Real Time Anomaly Detection in Network Traffic: A Comparative Analysis of Machine Learning Algorithms

Abstract

In the constantly changing field of cybersecurity, real-time intrusion detection using machine learning algorithms has become crucial for protecting network infrastructures. This paper presents a comprehensive literature survey focusing on the comparative study of diverse machine learning algorithms employed for anomaly detection in network traffic. The objective is to critically evaluate the effectiveness of various algorithms in identifying and mitigating threats in real-time scenarios. The study delves into the nuances of prominent machine learning models, including Decision Trees, Random Forests, Support Vector Machines, Neural Networks, and ensemble methods, as they apply to the domain of anomaly detection.
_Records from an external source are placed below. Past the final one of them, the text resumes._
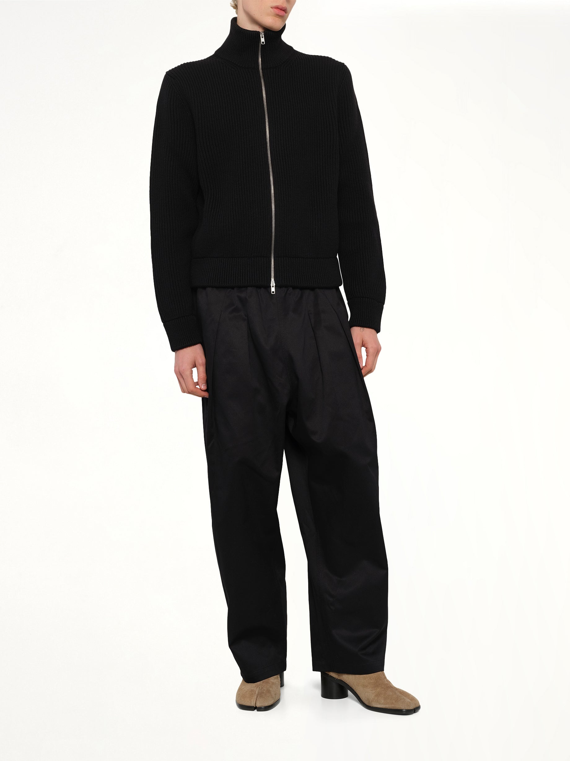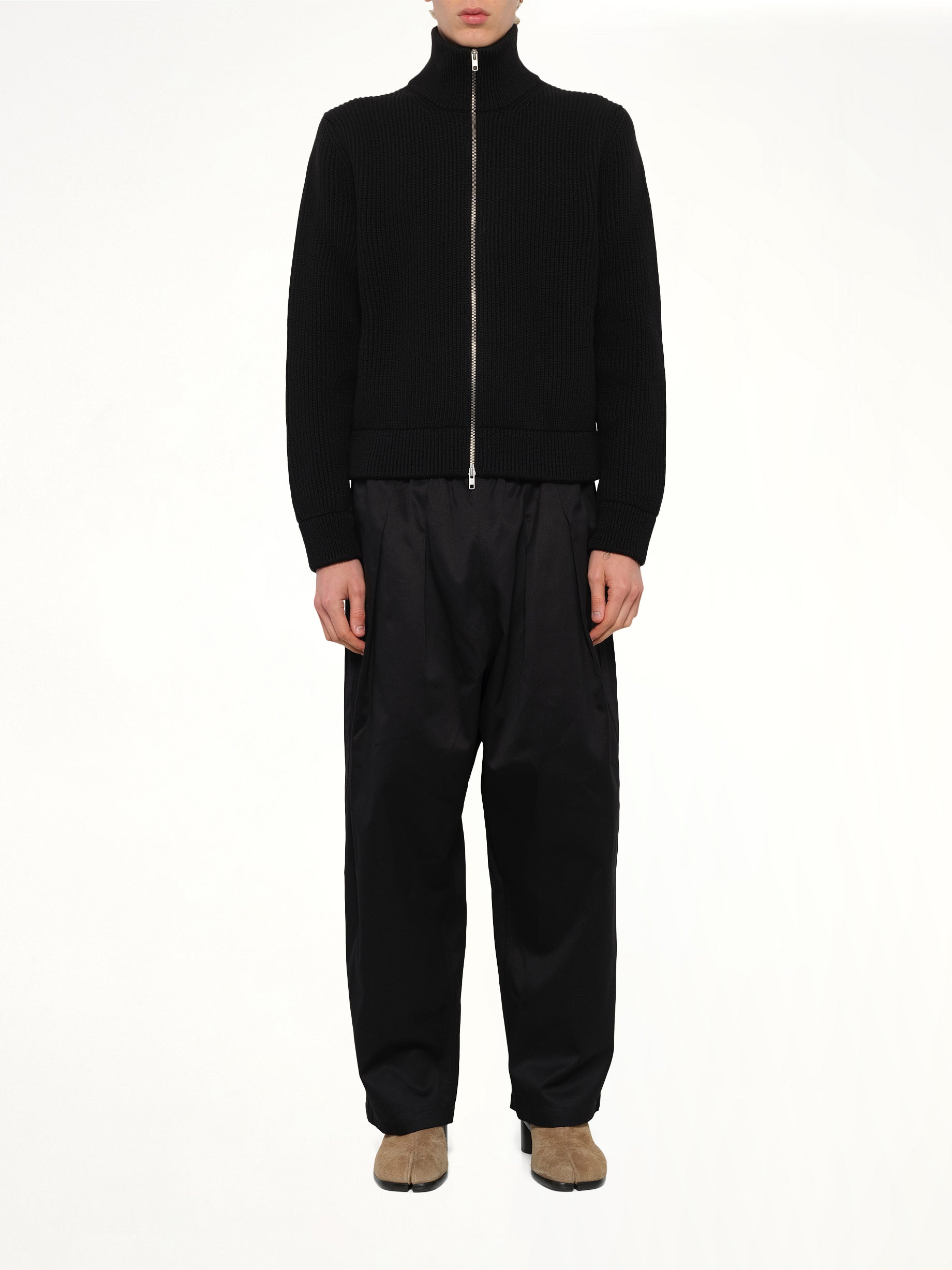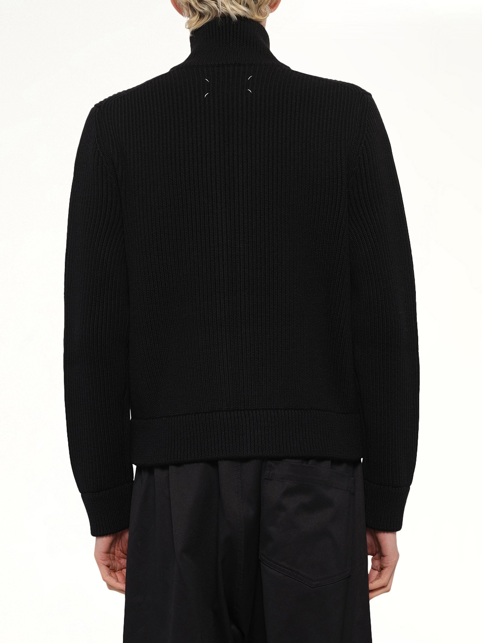 Maison Margiela's Drivers Knit Zip Sweater in Black is a sophisticated blend of style and functionality. This versatile piece is perfect for layering, offering both comfort and a sleek aesthetic.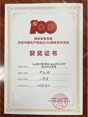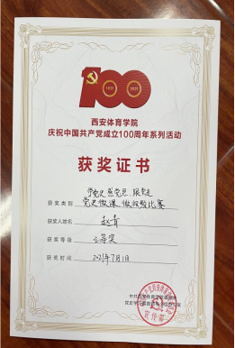 为庆祝中国共产党成立100周年,进一步引导全体师生传承红色基因,汲取奋进力量,用实际行动抒发爱国之心、报国之情、强国之志,将“学党史、悟思想、办实事、开新局”的要求落实在校园生活的方方面面,我院师生积极参与西安体育学院庆祝中国共产党成立100周年系列活动,并在本次系列活动中取得优异成绩,获奖如下: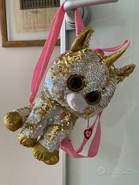 Zainetto Ty, ricoperto di paillettes, a forma di unicorno con portamonete uguale, nuovo senza etichetta.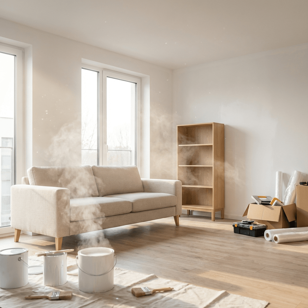 Erste Symptome treten häufig nach Renovierungen, Möbelkauf, Sanierungen oder einem Neubaubezug und besonders häufig bei Fertighäusern auf.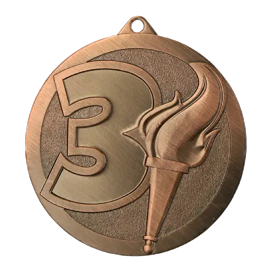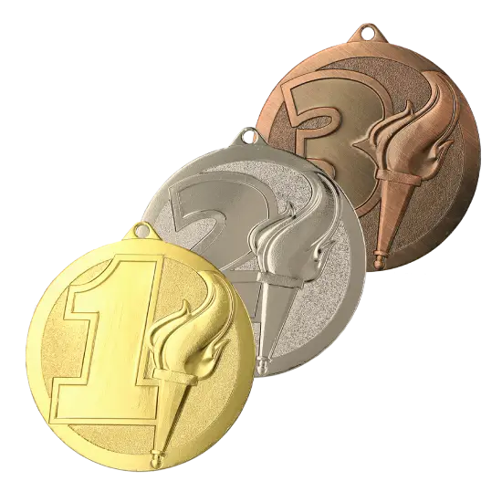 Auf der Vorderseite der Medaille prangt eine brennende Fackel – ein universelles Symbol für Stärke, Leidenschaft und Zielstrebigkeit. Je nach Platzierung ist die Medaille für den Sieg in drei klassischen Varianten erhältlich: Gold mit der Zahl 1, Silber mit der Zahl 2 und Bronze mit der Zahl 3. Die präzise Verarbeitung und das massive Metall sorgen dafür, dass die Medaille auch nach vielen Jahren beeindruckend aussieht.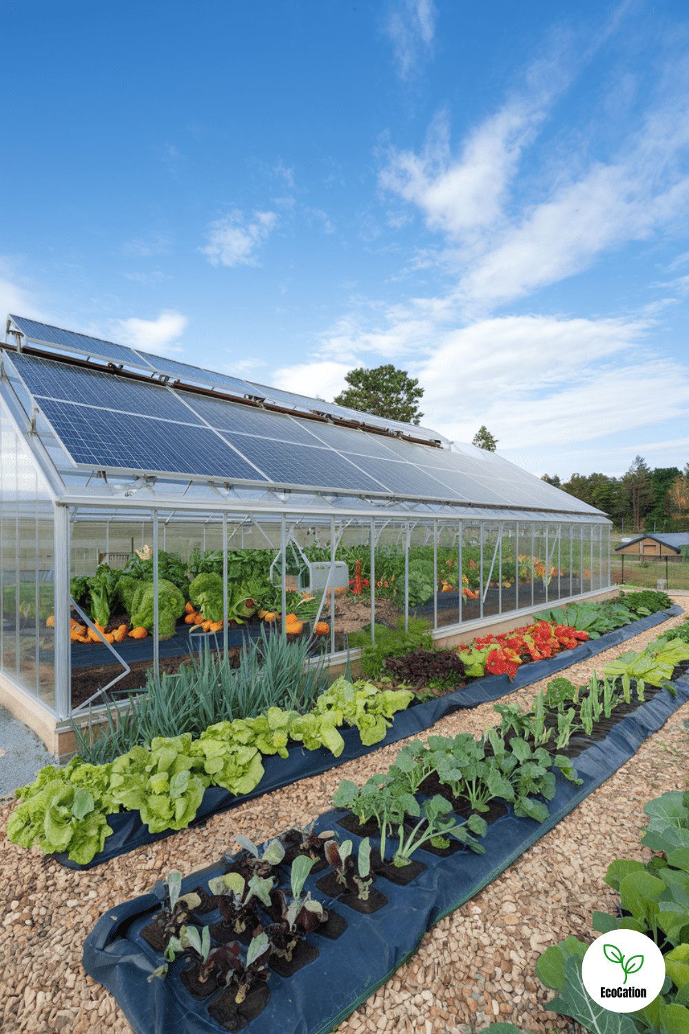 A modern greenhouse with solar panels on its roof offers a sustainable way to grow vegetables year-round. Harnessing solar energy will help reduce energy bills and provide a cleaner, more eco-friendly way to power your greenhouse. Practical tip: Place your solar panels at a tilt for maximum sun exposure, especially in the winter months.
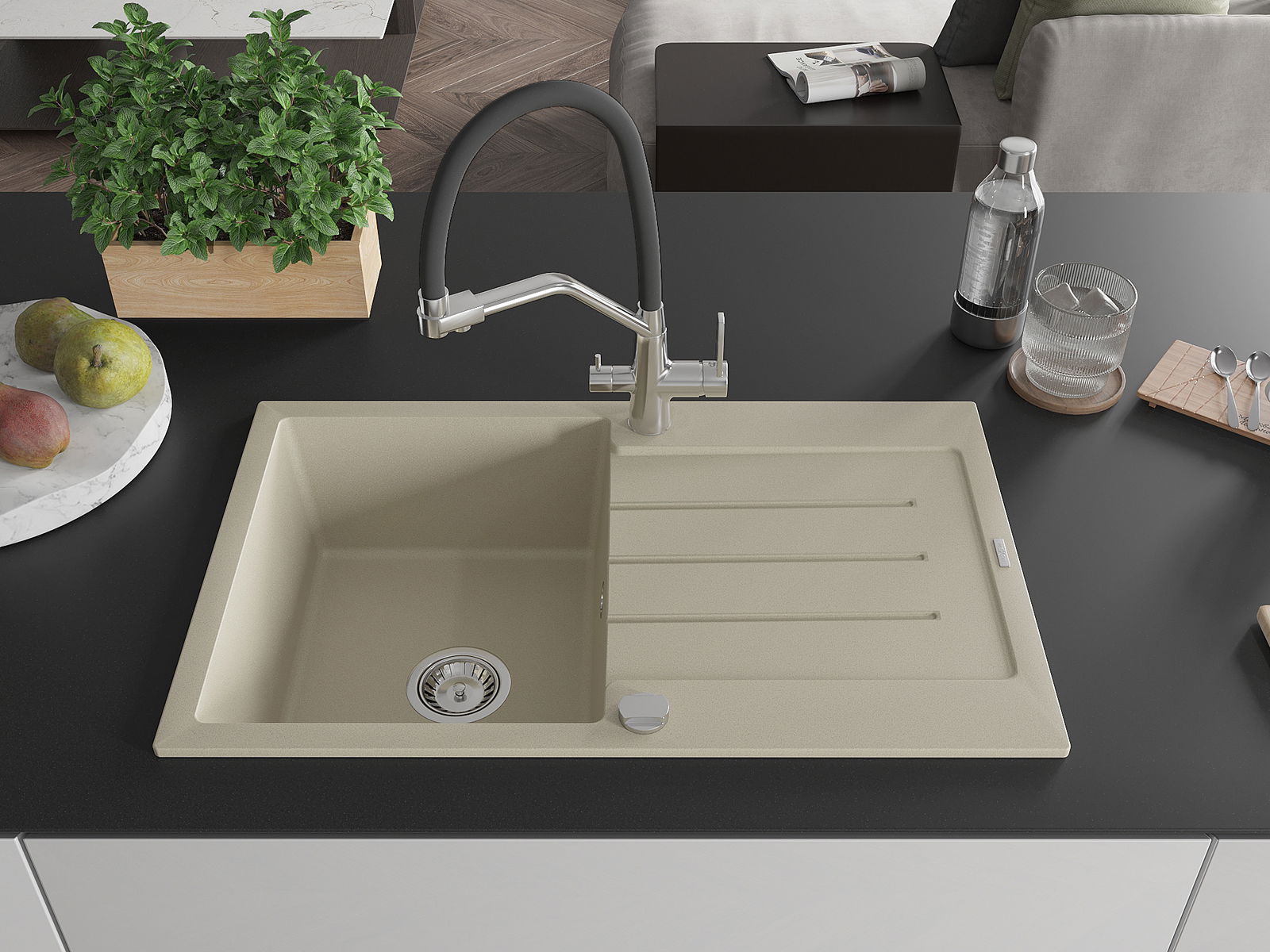 L'évier est fabriqué en granit de haute qualité. Il constitue un complément élégant et surtout pratique pour toute cuisine, quel que soit son style. La qualité et la durabilité du granit garantissent de nombreuses années d'utilisation.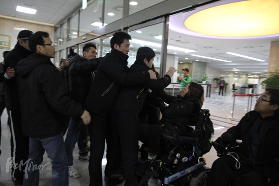 ![]() ▲전장연 활동가들이 국회 정론관을 점거하고 있자 국회 방호처 직원들이 나갈 것을 요구하며 대치하고 있다. |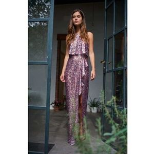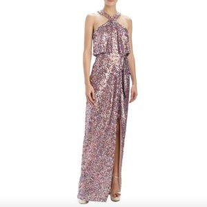 ML MONIQUE LHUILLIER Halter Sequined Gown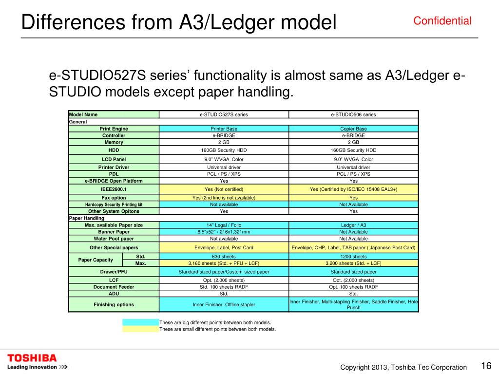 Differences from A3/Ledger model e-STUDIO527S series’ functionality is almost same as A3/Ledger e-STUDIO models except paper handling.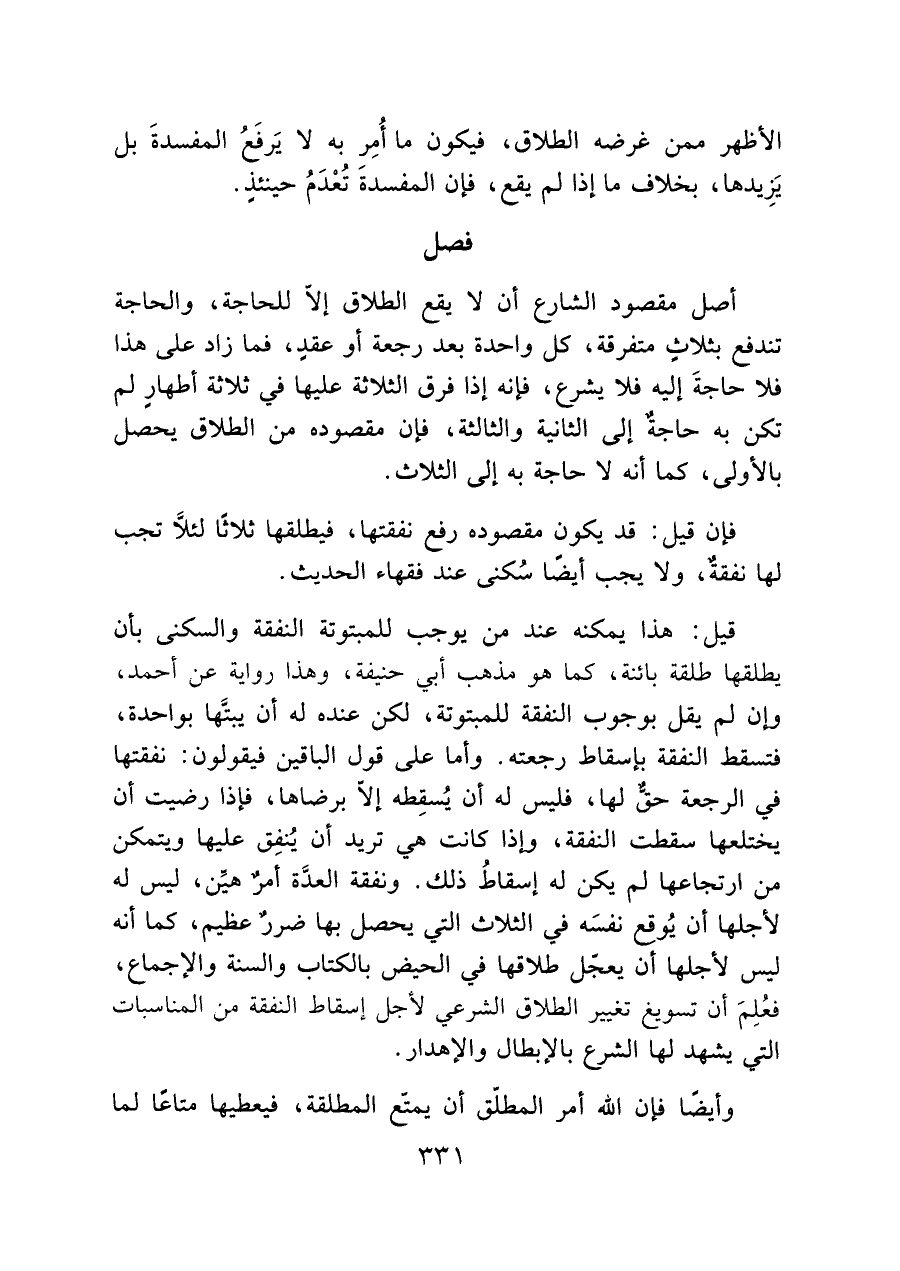 قيل: هذا يمكنه عند من يوجب للمبتوتة النفقة والسكنى بأن يطلقها طلقة بائنة، كما هو مذهب أبي حنيفة، وهذا رواية عن أحمد، وإن لم يقل بوجوب النفقة للمبتوتة، لكن عنده له أن يبتَّها بواحدة، فتسقط النفقة بإسقاط رجعته. وأما على قول الباقين فيقولون: نفقتها في الرجعة حقٌّ لها، فليس له أن يُسقِطه إلاّ برضاها، فإذا رضيت أن يختلعها سقطت النفقة، وإذا كانت هي تريد أن يُنفِق عليها ويتمكن من ارتجاعها لم يكن له إسقاطُ ذلك. ونفقة العدَّة أمر هيِّن، ليس له لأجلها أن يُوقع نفسَه في الثلاث التي يحصل بها ضرر عظيم، كما أنه ليس لأجلها أن يعجل طلاقها في الحيض بالكتاب والسنة والإجماع، فعُلِمَ أن تسويغ تغيير الطلاق الشرعي لأجل إسقاط النفقة من المناسبات التي يشهد لها الشرع بالإبطال والإهدار.

Each algorithm is scrutinized based on its ability to adapt to dynamic network behaviors, handle imbalanced datasets, and provide accurate real-time threat assessments. Throughout the survey, key research contributions are analyzed, encompassing methodologies, datasets, and performance metrics. Comparative insights are provided to emphasize the strengths and weaknesses of each algorithm, elucidating their appropriateness for real-time intrusion detection in network traffic. Notably, the examination extends beyond traditional approaches, exploring recent advancements such as deep learning and ensemble techniques. The findings from this comparative study aim to provide practitioners and researchers with valuable insights into selecting the most suitable machine learning algorithm for real-time anomaly detection in the context of network security. By understanding the comparative performance of these algorithms, organizations can make informed decisions to enhance their cybersecurity posture and fortify their defenses against emerging threats.